* Task description
Restate the data below word for word, and let no image into your version.

* Recorded information
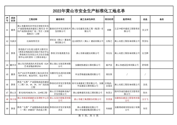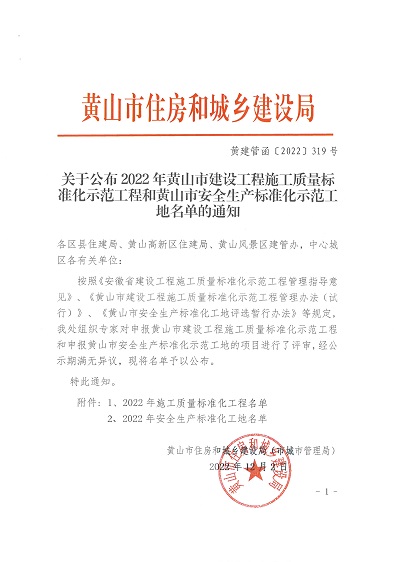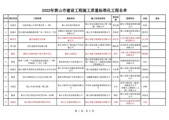 黃山市建工集團股份有限公司承建的徽州家園項目、歙縣人民醫(yī)院醫(yī)療能力提升項目、黃山橫江灣凱悅酒店項目、高鐵黟縣東站站前廣場及附屬配套工程、黃山市南部城鎮(zhèn)群水務(wù)調(diào)度中心項目、黃山北海路公交綜合大樓工程榮獲2022年施工質(zhì)量標準化工程和安全生產(chǎn)標準化工地的殊榮。
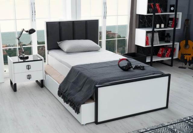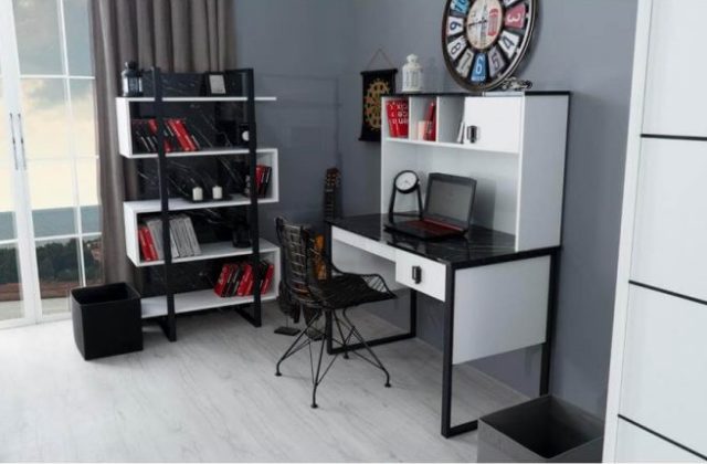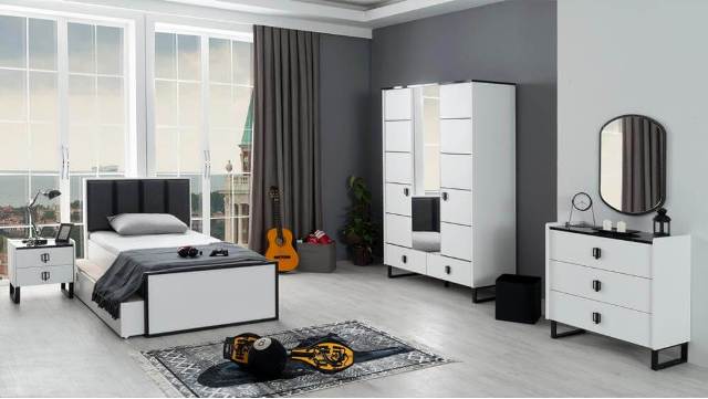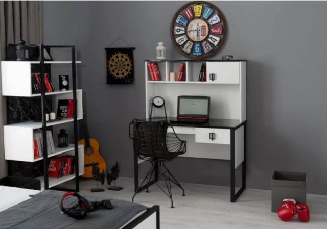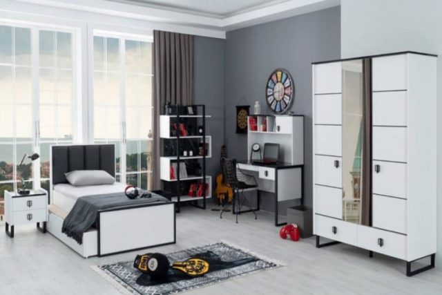 Современный комплект модульной мебели Гранит для детской комнаты из высококачественного МДФ сделан в комбинации белого и черного цвета.
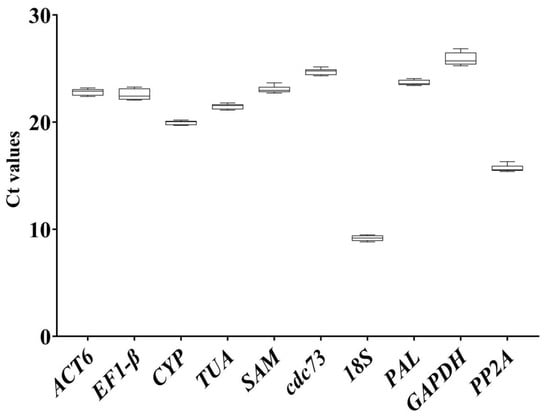 2.3. Expression Stability Analysis of Candidate Reference Genes
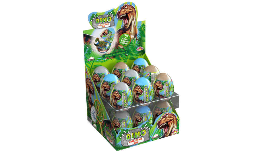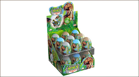 Dino Huevo Sorpresa 5 grs de caramelo sin azúcar - Código de producto: 3310498 - 18 unidades por display - La caja contiene 8 display de 18 unidades cada uno
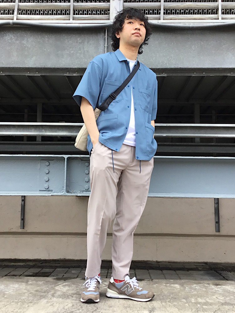今回は爽やかなシャツブルゾンにクールマックスのアンクルパンツを合わせました。若年層向けのインフルエンサーファッションをイメージしてコーディネートしました!

* Reply
 黃山市建工集團股份有限公司承建的徽州家園項目、歙縣人民醫(yī)院醫(yī)療能力提升項目、黃山橫江灣凱悅酒店項目、高鐵黟縣東站站前廣場及附屬配套工程、黃山市南部城鎮(zhèn)群水務(wù)調(diào)度中心項目、黃山北海路公交綜合大樓工程榮獲2022年施工質(zhì)量標準化工程和安全生產(chǎn)標準化工地的殊榮。
 Современный комплект модульной мебели Гранит для детской комнаты из высококачественного МДФ сделан в комбинации белого и черного цвета.
 2.3. Expression Stability Analysis of Candidate Reference Genes
 Dino Huevo Sorpresa 5 grs de caramelo sin azúcar - Código de producto: 3310498 - 18 unidades por display - La caja contiene 8 display de 18 unidades cada uno
今回は爽やかなシャツブルゾンにクールマックスのアンクルパンツを合わせました。若年層向けのインフルエンサーファッションをイメージしてコーディネートしました!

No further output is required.